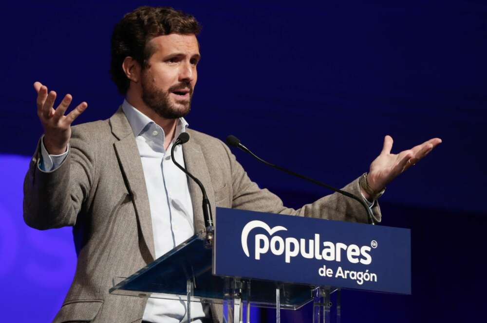 El PP lanza su campaña #MásGanaderíaMenosComunismo para las elecciones de Castilla y León. En la imagen, el líder de la formación, Pablo Casado, en un acto en Zaragoza. EFE/Javier Cebollada
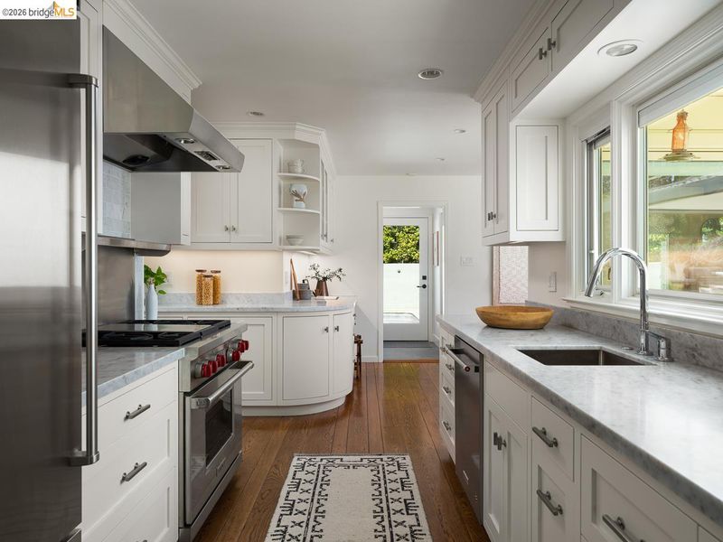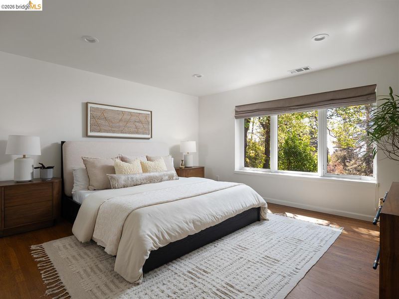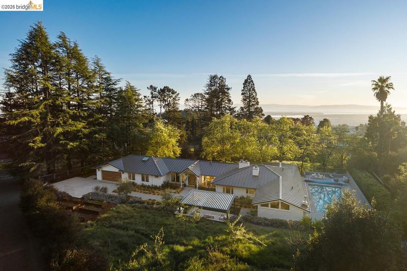 Set on approximately 1.1 acres in the coveted Hillcrest Estates enclave of the Oakland Hills, Skyland offers a rare blend of space, privacy, and natural beauty. Originally built in 1948 and thoughtfully reimagined in 2021, this single-level home balances timeless architecture with modern living. Walls of glass fill the home with natural light while framing views of redwoods, curated grounds, and the Bay. The well-designed layout includes 4 bedrooms, 4.5 baths, highlighted by a luxurious primary suite with a spa-like bath, steam shower, and soaking tub, along with a private guest suite. A dedicated executive office and separate studio/gym support work, creativity, and wellness. Designed for both everyday living and entertaining featuring a heated pool with Bay views, a pergola lounge with integrated lighting and sound, expansive patios, and a rare level lawn surrounded by mature landscaping originally envisioned by Napa Valley designer Jack Chandler. The kitchen offers marble countertops, Wolf and Sub-Zero appliances, abundant storage, and a walk-through pantry. Solar, a whole-home generator, enterprise-grade networking, and advanced air filtration complete the home; single-level living on over an acre with Bay views, an incredibly rare combination seldom found in the Bay Area.
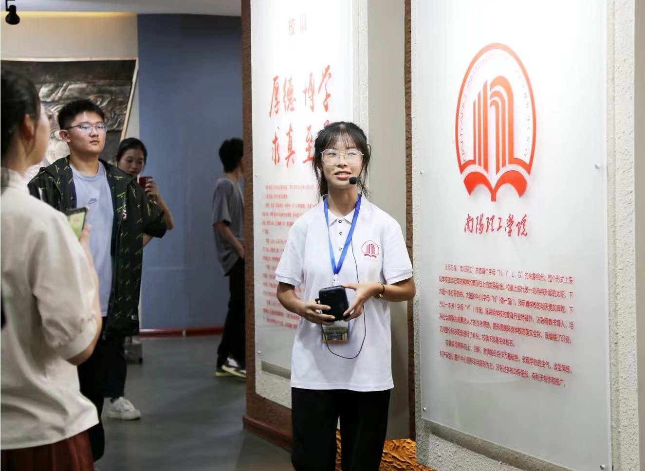 在学生讲解员的引领下,同学们近距离感知了学校全景沙盘、南阳文化浮雕,参观了序厅、南工薪火、逐日之旅、时代风化等展厅,分别从办学理念、发展创新历史、领导关怀、教学科研、荣誉和奖励等方面,了解学校建设与发展历程。

# [Exercise instructions]
Quote the data above in full, leaving out the pictures it holds.

# [Answer for this exercise]
 El PP lanza su campaña #MásGanaderíaMenosComunismo para las elecciones de Castilla y León. En la imagen, el líder de la formación, Pablo Casado, en un acto en Zaragoza. EFE/Javier Cebollada
 Set on approximately 1.1 acres in the coveted Hillcrest Estates enclave of the Oakland Hills, Skyland offers a rare blend of space, privacy, and natural beauty. Originally built in 1948 and thoughtfully reimagined in 2021, this single-level home balances timeless architecture with modern living. Walls of glass fill the home with natural light while framing views of redwoods, curated grounds, and the Bay. The well-designed layout includes 4 bedrooms, 4.5 baths, highlighted by a luxurious primary suite with a spa-like bath, steam shower, and soaking tub, along with a private guest suite. A dedicated executive office and separate studio/gym support work, creativity, and wellness. Designed for both everyday living and entertaining featuring a heated pool with Bay views, a pergola lounge with integrated lighting and sound, expansive patios, and a rare level lawn surrounded by mature landscaping originally envisioned by Napa Valley designer Jack Chandler. The kitchen offers marble countertops, Wolf and Sub-Zero appliances, abundant storage, and a walk-through pantry. Solar, a whole-home generator, enterprise-grade networking, and advanced air filtration complete the home; single-level living on over an acre with Bay views, an incredibly rare combination seldom found in the Bay Area.
 在学生讲解员的引领下,同学们近距离感知了学校全景沙盘、南阳文化浮雕,参观了序厅、南工薪火、逐日之旅、时代风化等展厅,分别从办学理念、发展创新历史、领导关怀、教学科研、荣誉和奖励等方面,了解学校建设与发展历程。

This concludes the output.